- [Stored data]:
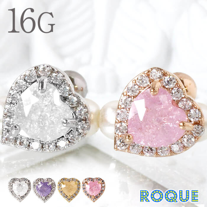 16G(ピンクゴールド/ピンク) アイスハート ストレートバーベル
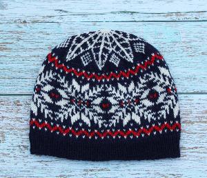 Paper copy of the Haakon Hat, designed by Sandra Manson using our 5ply Shetland Yarn. Its a striking Fair Isle hat featuring a Norwegian Star and snowflake crown, combining our Shetland and Scandinavian influences.
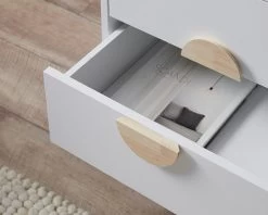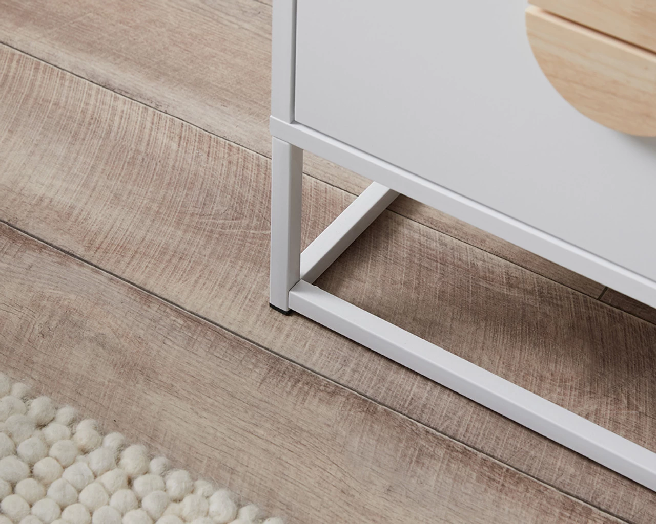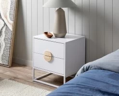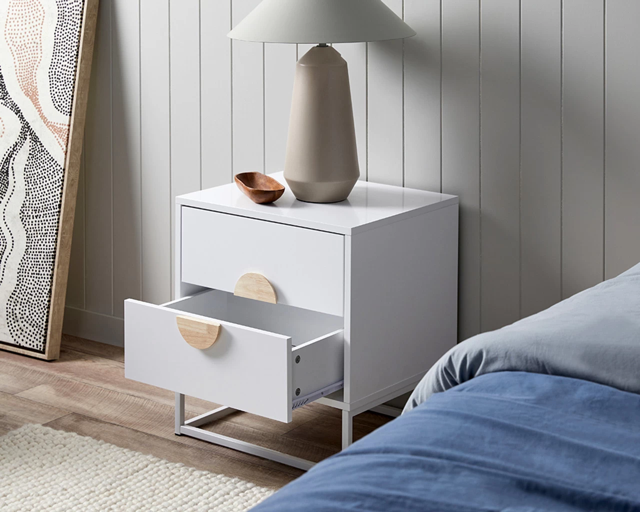 Create an on-trend contemporary bedroom with the Eclipse Bedside Table – White. Wonderfully modern with its sleek, straight lines, the statement feature of this side table is the round rubberwood handles for on-trend curves. The fresh white colourway brightens any space and is an effortlessly stylish addition to the main bedroom, guest bedroom, kid’s bedroom, or nursery. Made for styling, the surface has plenty of room for the warm glow of a lamp and décor. The two spacious drawers are the perfect spot for bedroom essentials and slide open smoothly and quietly. Browse the rest of the Eclipse range for more modern contemporary furniture.
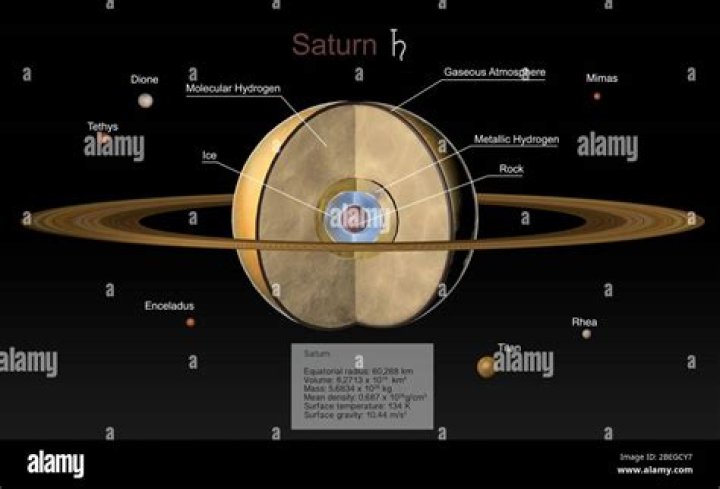 Saturn’s interior is most likely composed of a core of iron–nickel and rock (silicon and oxygen compounds). Its core is surrounded by a deep layer of metallic hydrogen, an intermediate layer of liquid hydrogen and liquid helium, and finally a gaseous outer layer.Is Saturn hot or cold?
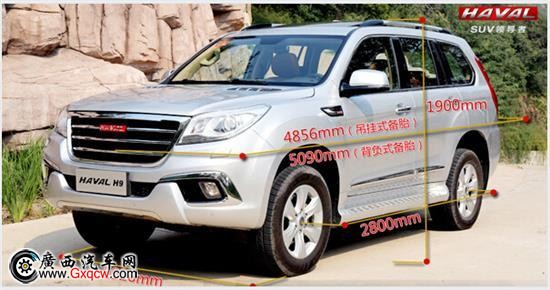 作為哈弗系列SUV的旗艦車型,哈弗H9的車身尺寸非常寬大,長寬高為4856mm(吊掛式備胎)/5090mm(背負(fù)式備胎)×1926mm×1900mm,軸距2800mm,明顯比同規(guī)格的SUV車型大一圈,車內(nèi)空間寬敞,霸氣十足。

- [Instructions for the task]: The entries above are to be returned exactly, without their pictures.

- [Exercise solution]:
 16G(ピンクゴールド/ピンク) アイスハート ストレートバーベル
 Paper copy of the Haakon Hat, designed by Sandra Manson using our 5ply Shetland Yarn. Its a striking Fair Isle hat featuring a Norwegian Star and snowflake crown, combining our Shetland and Scandinavian influences.
 Create an on-trend contemporary bedroom with the Eclipse Bedside Table – White. Wonderfully modern with its sleek, straight lines, the statement feature of this side table is the round rubberwood handles for on-trend curves. The fresh white colourway brightens any space and is an effortlessly stylish addition to the main bedroom, guest bedroom, kid’s bedroom, or nursery. Made for styling, the surface has plenty of room for the warm glow of a lamp and décor. The two spacious drawers are the perfect spot for bedroom essentials and slide open smoothly and quietly. Browse the rest of the Eclipse range for more modern contemporary furniture.
 Saturn’s interior is most likely composed of a core of iron–nickel and rock (silicon and oxygen compounds). Its core is surrounded by a deep layer of metallic hydrogen, an intermediate layer of liquid hydrogen and liquid helium, and finally a gaseous outer layer.Is Saturn hot or cold?
 作為哈弗系列SUV的旗艦車型,哈弗H9的車身尺寸非常寬大,長寬高為4856mm(吊掛式備胎)/5090mm(背負(fù)式備胎)×1926mm×1900mm,軸距2800mm,明顯比同規(guī)格的SUV車型大一圈,車內(nèi)空間寬敞,霸氣十足。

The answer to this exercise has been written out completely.